I did have a* _tf2* variable in one of my tests, but don't think I posted that version. Might have and edited it out, or did you add the *_tf2* lines?.
In the code you posted *_tf1* and* _tf2* refer to the same file, so *_tf2* isn't needed.



tuxalot said:


> Also, can I put a progress bar of sorts in the code? The directories where this will run will have from 100 - 40,000 files to be processed. Would adding a progress bar slow the execution a lot?
> 
> As an option, if an actual progress bar won't work I would like to put in a line of test saying "...processing" or something. Where in the code would I put that?
> 
> Here is the working batch file (wonder why one cannot attach bat files?):


It would slow it down, how much I don't know. Outputtng a character on the same line, like printing a period every few seconds or a rotating bar isn't something you can do with a simple batch statement, so would add quite a bit of time.
You could echo a message between each For loop. You could echo a period to the screen in each loop, that would put a period on a new line for each file, not very effective with lots of files. You can put the file name in the title par of the window though, but that can easily double the time of each loop, and usually is displayed so fast it's unreadable, but you can see that it's still doing something.

I see you have two Output files.
The code you posted does this if I'm reading it correctly:

Output FQPN of zip files, if any, into Output1
Output name only of zip files, if any, into Output2
Output name only list of files with both extensions into Output1
These will be after the list of zip files *only if* there are zip files
Output name only list of files with both extensions into Output2
These will be there whether or not there are zip files
They will be listed after the list of zip files.
FQPN=Fully Qualified Path Name, the drive, path, name, and extension of the file.

Seems to me this puts a mix into the Output 1 file, the FQPN of the zip files plus the name only list of files with both extensions.
Output2 will have the name only list of zip files and the name only list of files with both extensions.

Is that what you want?

Also, are there likely to be many more *.cdg* files than *.mp3*? Whichever is the fewest should be used for the first loop that creates the *_tf1* file; that will speed up the *findstr* part of the batch.

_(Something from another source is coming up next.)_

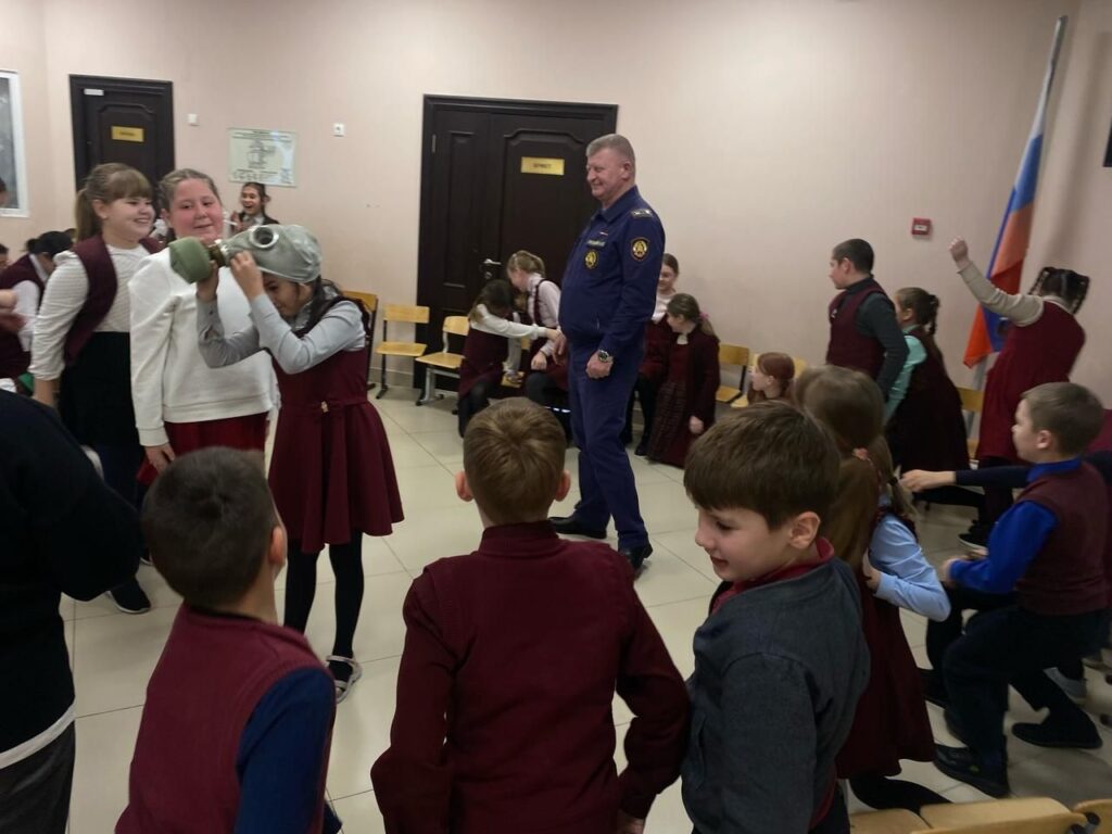 Во время открытого урока с детьми проводились практические отработки правил использования средств индивидуальной защиты.

*.bat* is not in the list of allowed extensions is all. Guess the don't want executable files to be attached unless zipped or rarred. You can do that, or change the extension to *.txt* if you want to attach. Unless they are very long, best to just post them as you did.

Sort can be used to sort, but it doesn't always give the expected results, especially if numbers are in the name.
file10.zip will come before file2.zip for example.
I don't recall if it's case sensitive or not, haven't used it much.


----------



## tuxalot (Dec 31, 2009)

I removed the _tf2 code, thanks for that.



> Also, are there likely to be many more .cdg files than .mp3? Whichever is the fewest should be used for the first loop that creates the _tf1 file; that will speed up the findstr part of the batch.


There should be the same number of mp3 and cdg files. There are usually 95% zips and 5% mp3+cdg pairs (or less) in a typical directory.



> 1. Output FQPN of zip files, if any, into Output1
> 2. Output name only of zip files, if any, into Output2
> 3. Output name only list of files with both extensions into Output1
> These will be after the list of zip files only if there are zip files
> ...


Below is what I am looking to achieve as the final result (I added the sorting). So from top to bottom, the two output files should be identical except one has the FQPN and the other just the file name:

Output1:

FQPN of zip files, if any. FQPN of mp3 files _only if_ there is a cdg by the same name, if any. SORT files in ascending order by filename.

Output2:

Name only of zip files, if any. Name only of mp3 files _only if_ there is a cdg by the same name, if any. SORT files in ascending order by filename.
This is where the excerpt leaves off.